*Exercise goal*. Pictures are to be left out; everything else in the records must be repeated exactly.

*Data shown*.
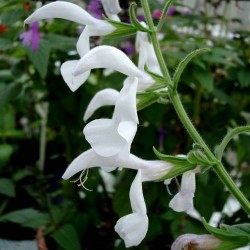Er zijn veel Salvia’s, maar de patens is van extra schoonheid. De bloemtros is ijl en de lipbloemen groot met lange lippen. De kleur is van het helderste wit! Een frisse harmonie met het lichtgroen van de behaarde stengels en bladeren… De hoogte is 75-90 cm, bewaar de planten op een vorstvrije plaats; een strenge winter is funest.
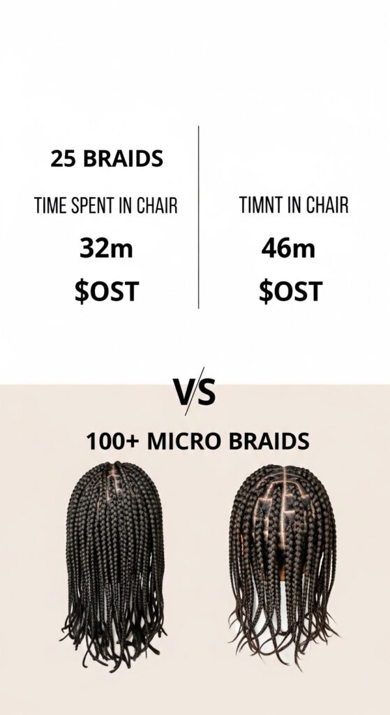 Let’s break it down practically. Fewer braids mean less time in the salon chair, which often translates to a lower cost. You’re paying for skill, not just marathon labor.
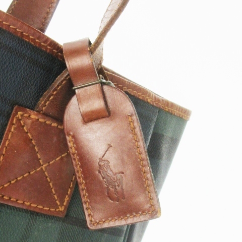 ポロ ラルフローレン POLO RALPH LAUREN トートバッグ PVC レザー 革 ロゴ ブラックウォッチ 緑 グリーン /CK8 ■GY18 レディース
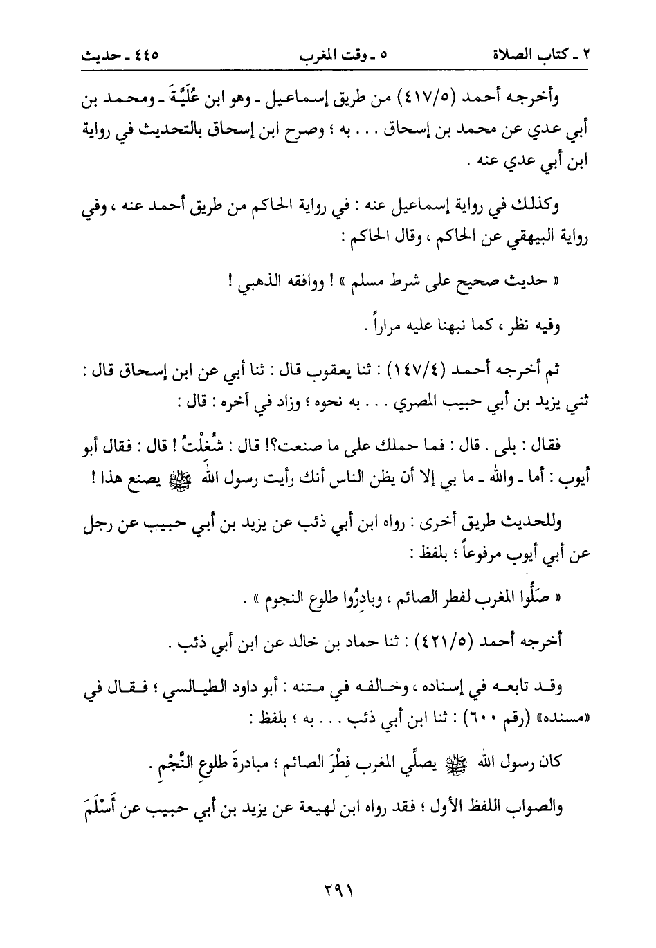 كان رسول الله صَلَّى اللَّهُ عَلَيْهِ وَسَلَّمَ يصلَي المغرب فِطرَ الصائم؛ مبادرةَ طلوعِ النجْمِ.
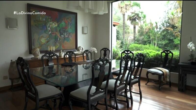 Lo primero que presentó Helénia Melán fue la gigantesca mesa, un gran número de sillas y las diferentes obras de arte que conforman el comedor del hogar.
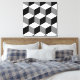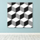 Optical illusion of shapes creating the pattern of cubes in black, white and grey.
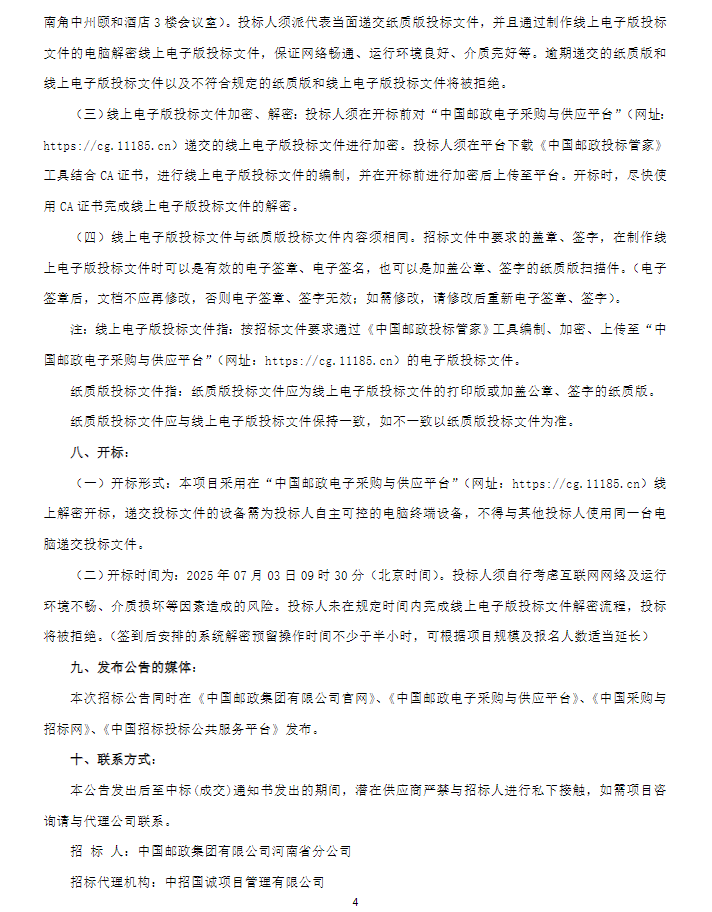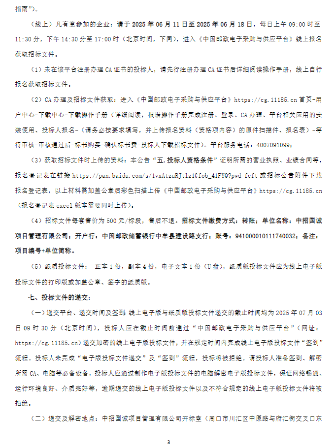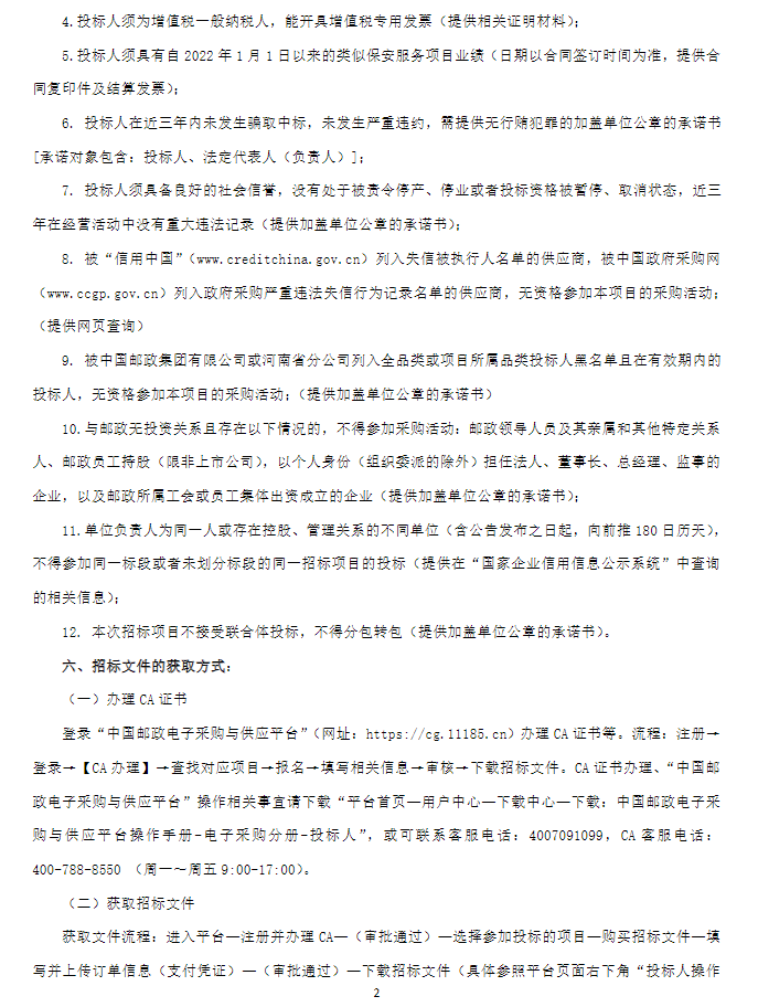 【中国邮政集团有限公司周口市分公司保安服务业务外包项目】招标公告
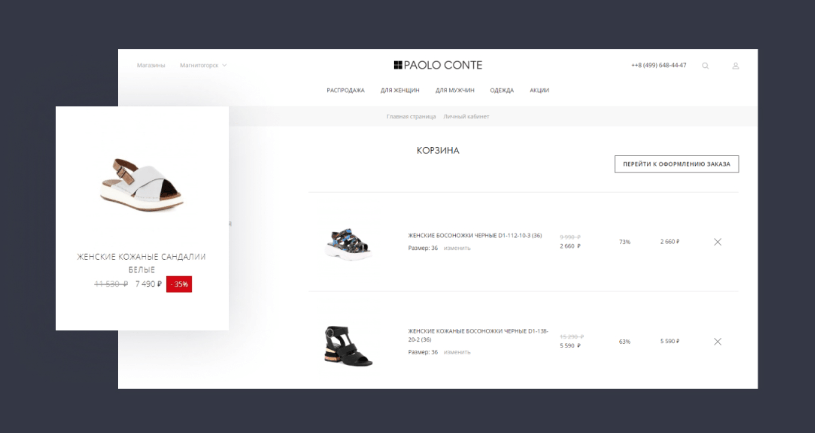 Мы использовали инструменты 1С-Битрикс, и, адаптировав их под бизнес-процессы Paolo Conte, реализовали маркетинговые ходы: скидки за привлечение друзей, функцию «узнать о снижении цены», лист ожиданий, список желаний – в нем «хранятся» обувь и аксессуары, которые покупатель отметил значком «сердечко». Раздел сделали открытым: для формирования списка желанных покупок не нужно регистрироваться, что удобно для покупателей, не принявших окончательного решения. При этом, если покупатель авторизуется или зарегистрируется, список желаний автоматически попадет в его личный кабинет
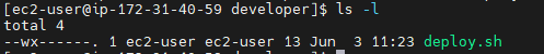소유자인 ec2-user는 읽고, 쓰고, 실행할 권한이 있고, 그룹인 ec2-user는 읽고, 실행할 권한을 부여받습니다. 그리고 그 외의 사용자는 읽고, 실행할 권한을 가지고 있죠.

*Task result*.
Er zijn veel Salvia’s, maar de patens is van extra schoonheid. De bloemtros is ijl en de lipbloemen groot met lange lippen. De kleur is van het helderste wit! Een frisse harmonie met het lichtgroen van de behaarde stengels en bladeren… De hoogte is 75-90 cm, bewaar de planten op een vorstvrije plaats; een strenge winter is funest.
 Let’s break it down practically. Fewer braids mean less time in the salon chair, which often translates to a lower cost. You’re paying for skill, not just marathon labor.
 ポロ ラルフローレン POLO RALPH LAUREN トートバッグ PVC レザー 革 ロゴ ブラックウォッチ 緑 グリーン /CK8 ■GY18 レディース
 كان رسول الله صَلَّى اللَّهُ عَلَيْهِ وَسَلَّمَ يصلَي المغرب فِطرَ الصائم؛ مبادرةَ طلوعِ النجْمِ.
 Lo primero que presentó Helénia Melán fue la gigantesca mesa, un gran número de sillas y las diferentes obras de arte que conforman el comedor del hogar.
 Optical illusion of shapes creating the pattern of cubes in black, white and grey.
 【中国邮政集团有限公司周口市分公司保安服务业务外包项目】招标公告
 Мы использовали инструменты 1С-Битрикс, и, адаптировав их под бизнес-процессы Paolo Conte, реализовали маркетинговые ходы: скидки за привлечение друзей, функцию «узнать о снижении цены», лист ожиданий, список желаний – в нем «хранятся» обувь и аксессуары, которые покупатель отметил значком «сердечко». Раздел сделали открытым: для формирования списка желанных покупок не нужно регистрироваться, что удобно для покупателей, не принявших окончательного решения. При этом, если покупатель авторизуется или зарегистрируется, список желаний автоматически попадет в его личный кабинет
소유자인 ec2-user는 읽고, 쓰고, 실행할 권한이 있고, 그룹인 ec2-user는 읽고, 실행할 권한을 부여받습니다. 그리고 그 외의 사용자는 읽고, 실행할 권한을 가지고 있죠.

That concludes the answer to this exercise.